Friday, August 12, 2016

Food on Friday with Dollivers

Today was about a lot of food and catchup, sorry, couldn't resist, and first in the catchup, the vinegar.  




I tasted it this morning. No mother had appeared, but it was definitely vinegar, lovely and fruity, and I bottled it back in the original wine bottle, and it's awaiting the next salad around here.  So I can safely recommend this low end method of making wine vinegar.

And Handsome Son managed to fit in a visit for lunch, to which he did total justice. He's a good cook, but right now is also a very busy one, and it's nice to come over for a large meal with seconds!



Today it was chicken rolls, which I kind of invented:  smoked deli chicken slices, stuffed with farm chicken sausage, the apple flavor, and Kennet Square mushrooms (translation for those out of area: the best), with grated parmigiano, also the real thing.  Rolled in farm egg then panko, baked for about 15 minutes at 350, and it went over a treat. In fact there's nothing left.  Good thing I got crafty and make another couple of dishes of these rolls for the freezer, because I got a request to do these again some time.



Potato salad, including my own patio grown spuds, yay, and farm ones.  Just tossed in oil and vinegar, with mustard seeds, bit of sea salt and black pepper.

Dessert was a peach crumble.  Peaches were fresh from the farm, macerated in spices including that really good cinnamon, not the supermarket sort, the real stuff, then frozen to await a crumble. The crust was almond meal, which I made in the coffee grinder from whole almonds, with oat flour and oat flakes, butter, bit of salt, bit of white sugar. I baked this last night, and let it sit overnight in the fridge, which I think I will do from now one, because the fruit set up just lovely, and the flavor was really good, actually better than fresh baked.

And a big carafe of homemade lemonade, which was very welcome to greet him as he came in on this 100 F day.

So this was very happy stuff, I love to use good ingredients and see the food enjoyed.  There's still crumble for other friends when I see them.
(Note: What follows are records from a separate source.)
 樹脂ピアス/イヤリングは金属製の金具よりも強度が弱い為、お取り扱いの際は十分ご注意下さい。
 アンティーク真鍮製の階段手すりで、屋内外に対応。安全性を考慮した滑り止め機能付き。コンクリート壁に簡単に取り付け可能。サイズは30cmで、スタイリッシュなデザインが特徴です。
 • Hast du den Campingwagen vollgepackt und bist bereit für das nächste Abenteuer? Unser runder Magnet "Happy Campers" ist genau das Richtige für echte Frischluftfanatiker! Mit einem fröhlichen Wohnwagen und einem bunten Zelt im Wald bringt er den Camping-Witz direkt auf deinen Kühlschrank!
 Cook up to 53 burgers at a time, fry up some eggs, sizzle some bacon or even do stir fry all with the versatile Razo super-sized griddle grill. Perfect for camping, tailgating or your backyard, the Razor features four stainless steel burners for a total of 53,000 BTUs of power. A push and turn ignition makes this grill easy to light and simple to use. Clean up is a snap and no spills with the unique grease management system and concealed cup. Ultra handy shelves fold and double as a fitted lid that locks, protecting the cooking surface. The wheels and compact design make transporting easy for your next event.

Then it was afternoon, too hot to have the oven going and it's restless weather when I can't get out to walk.  So I harvested herbs for pesto, right in the blazing sun, flavor at peak because of the heat and sun.
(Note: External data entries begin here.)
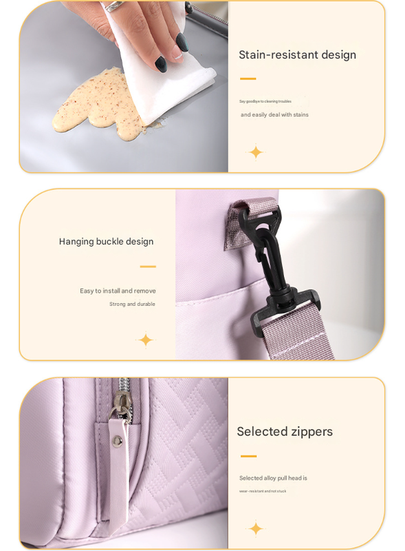 • Convenient Storage Pockets: Includes a stylish quilted zippered front pocket, perfect for storing utensils, napkins, or small personal items like your phone. Also features two side slip pockets for additional storage like water bottles or small accessories.
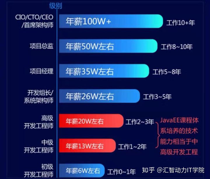 根據(jù)目前各招聘平臺(tái)關(guān)于Java開(kāi)發(fā)工程師崗位薪資統(tǒng)籌顯示,Java初級(jí)開(kāi)發(fā)工程年薪大概在6W左右,Java中級(jí)開(kāi)發(fā)工程師年薪在13W左右,高級(jí)開(kāi)發(fā)工程師的年薪在20W左右。當(dāng)然后期發(fā)展到項(xiàng)目管理層,薪資待遇也會(huì)更高。
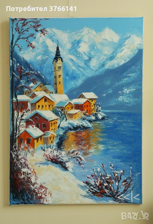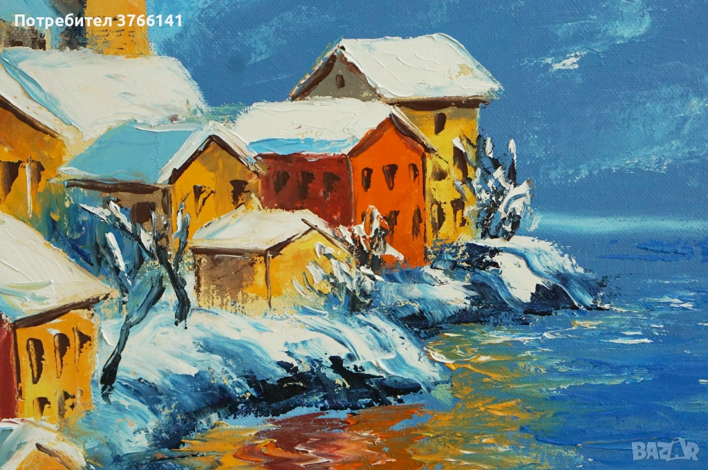 "Слънчева зима" Картина 70х50см, Маслена живопис с шпакла → Обява 53563220
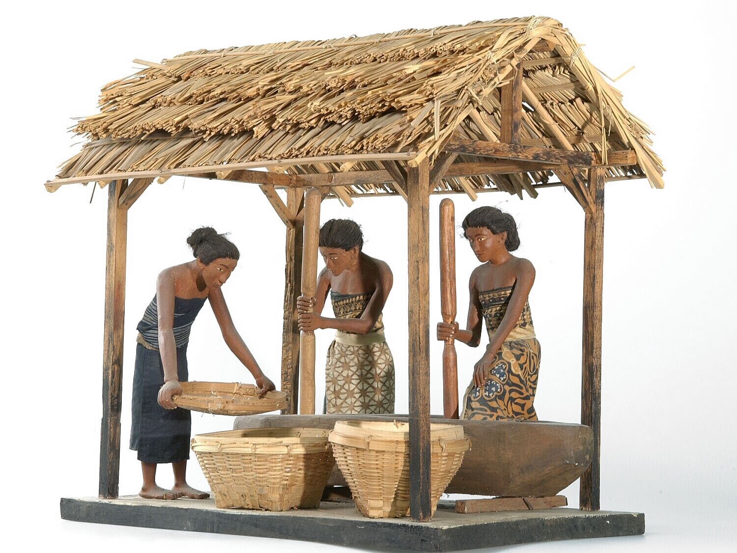 Model van drie vrouwen bezig met stampen en wannen v...
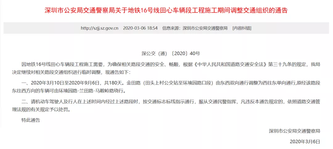 2020年3月10日至2020年9月6日,共180天。金田路(田頭上村公交站至環境園路口段)由東西雙向通行,調整為西往東單向通行。
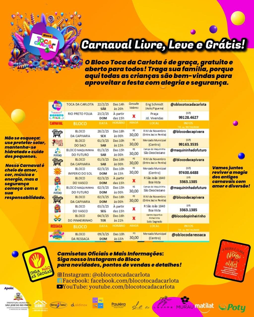 A edição deste ano do Carnaval de Rua de Rio Preto contará com nove blocos, que terão como base vias nos bairros Vivendas, Maquininha, Eldorado, Redentora, entorno do Mercadão e distrito de Engenheiro Schmitt, de acordo com a programação abaixo.

This was pretty labor intensive, good thing I don't do it more than once a year.  I have my version of pesto, which is all about a big handful of herbs, torn down fine, all the stems gone, a good shake of diced walnuts, pinch of kosher salt, good parmigiano fresh grated, good olive oil, and ziploc bags for freezing them. 



I keep the cheese in the freezer, in parchment paper inside plastic, and it doesn't seem to hurt the flavor at all.  Today I ended up after using most of one block, with a rind, which I'll use for soup, so it's back in the freezer, with the rest of the other block. 
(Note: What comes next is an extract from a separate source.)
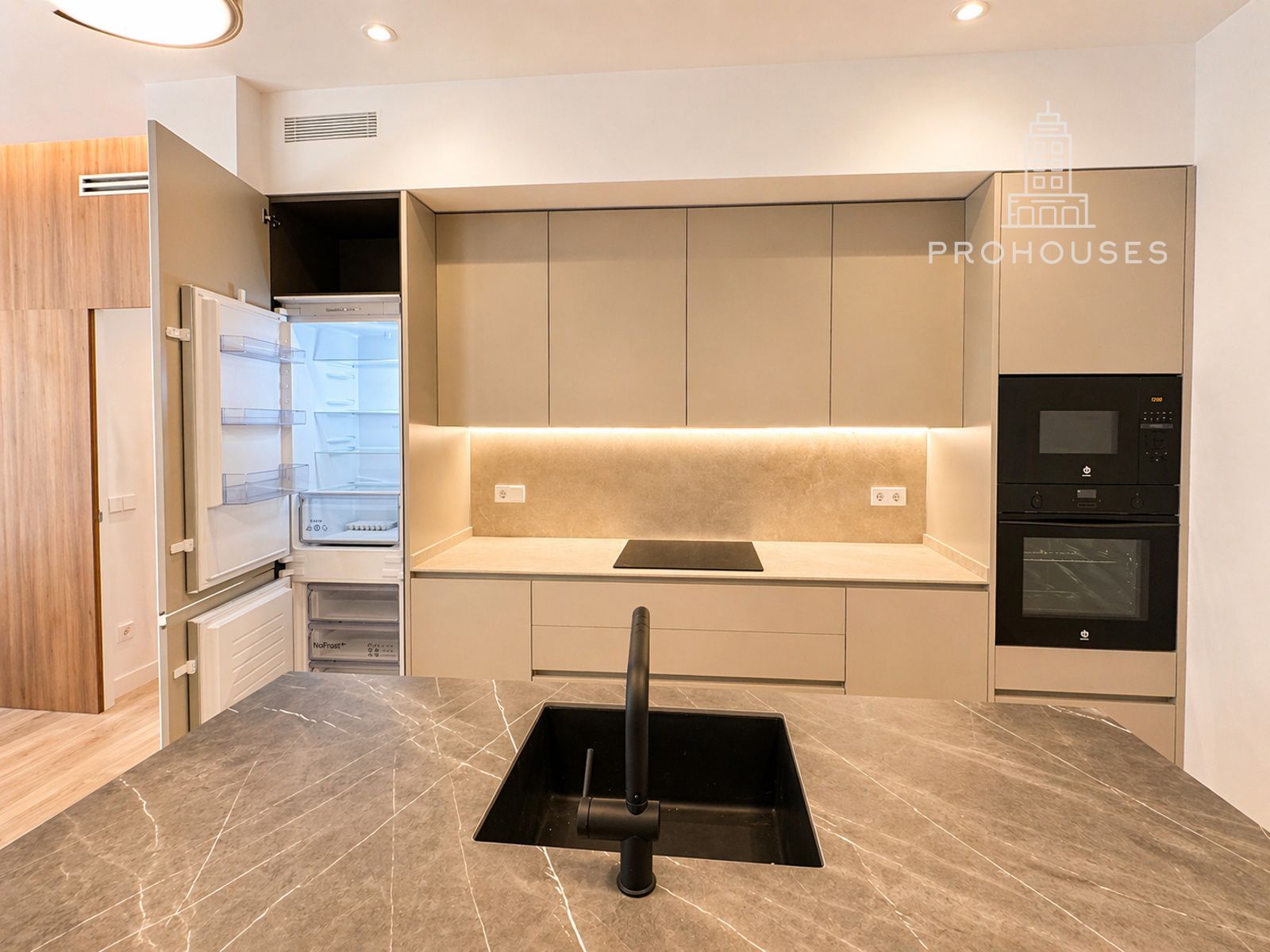 El corazón de la vivienda lo ocupa una moderna cocina con isla y zona de desayunador, totalmente equipada, pensada tanto para el día a día como para disfrutar de momentos especiales. El salón se abre al exterior a través de tres impresionantes balcones de suelo a techo con vistas a la emblemática calle Alcalá, aportando una luminosidad excepcional y una sensación de amplitud única.

Then, when the pesto's whirled into a paste in the blender and bagged and labeled, the blender has lovely remnants in the bottom, impossible to get out. So I put a cup of water in, blend that up, and freeze the resulting pesto water for soup later.  This pleases my frugal heart no end.



And of course, after all the work, and the cleanup, was over, two Dollivers, Dreads and Blondie Firstborn, reading left to right, showed up in their whites ready to pose and claiming they'd been there all along, but didn't want to get in the way, bad enough with Duncan tripping me at every step.  Or some such malarkey.  


So here they are with the flattened bags, and the containers of water from each flavor, sage, oregano, basil, and a combo of rosemary and thyme.  There was a lot of thyme which I wrapped and froze, so I have twigs of it later for recipes that need that rather than pesto.  I find that freezing fresh herbs, wrapped in plastic and rolled up with a rubber band holding it tight, works just fine, no loss of flavor that I've noticed.

And while this labor was going on, indoors and out, here's a visitor on the lantana, showing that it's really true about they toil not neither do they spin.  




Get a look at that wonderful tiger swallowtail.  Of course the Dollivers toil not, and neither do they spin, and they too seem to be supplied with nice gear.  I hear them shouting from the next room that they do too work, how would I get any ideas at all if not for them, and don't forget they can hear me.

Quite soon the sun will be over the yardarm, and when I pour my one lovely glass of red per day, they will no doubt show up clamoring for a share, since the sun's over the yarnarm..

1 comment:

  1. I know just what you mean about the satisfaction of using every last bit of something - most of my soups start out as the last bits of something else, and even though I could never duplicate the surprise successes, it's all part of the fun, isn't it?